Repository files navigation

GSMA Dataset Creation (PRJ-41)

Pipelines for creating QA triplets from GSMA data for the Open Telecom LLMs project project.

Overview

This repository contains end-to-end data processing pipelines that transform GSMA technical specifications and reports into high-quality synthetic question-answer datasets for training telecom-focused language models. The pipeline processes hundreds of documents through stages including document conversion, semantic chunking, synthetic Q&A generation using large language models, similarity analysis, quality filtering, and LLM-based validation. The resulting datasets are published to HuggingFace Hub in both contrastive learning format (for embedding models) and Q&A format (for retrieval-augmented generation). The repository includes three main pipelines: PRD (technical specifications), Discover (reports and whitepapers), and Annotation (human validation workflows with domain expert workspaces).

image

Notes

This projects was developed fairly rapidly, and some design decisions we made at the outset we now consider to be sub-optimal. Owing to time constraints, and an unwillingness to recreate time consuming and expensive steps (such as question creation and validation), there is some technical debt that would ideally be resolved in a longer project. Overall, in retrospect, dvc was not a good fit for this workflow as there are very time consuming, and expensive processes which are not likely to be reproduced.
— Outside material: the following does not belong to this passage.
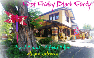 Come on out for First Friday Artwork in the Nature Shop alleyway along with Escape Ashland, and Bestow & Bloom. All are welcome to join the party! We’ll have food – Dos Hermanos taco truck and Wasana Thai – music – Justin Gordon and AAA All-Stars, and community groups – Native Plant Society of Oregon, Siskiyou Chapter. 5-8 pm Friday July 6th.

Iterative (dvc developers) now have a tool called datachain which is worth evaluating as a better fit, and was designed to resolve many of the shortcomings we experienced with dvc which is otherwise well suited for creating reproducible AI (machine learning) pipelines.

Only re-run the whole pipeline if a new dataset is required

Running the complete dvc pipelines will recreate the questions data and then the validation, both of which are tasks which take a considerable amount of time, and owing to the non-deterministic nature of LLMs, the questions created will be different from the data delivered to the Open Telco project so far. For this reason I (@ivyleavedtoadflax) recommened not attempting to re-run the whole pipeline, unless it is to completely recreate the datasets that were produced for the project, which is probably not desireable.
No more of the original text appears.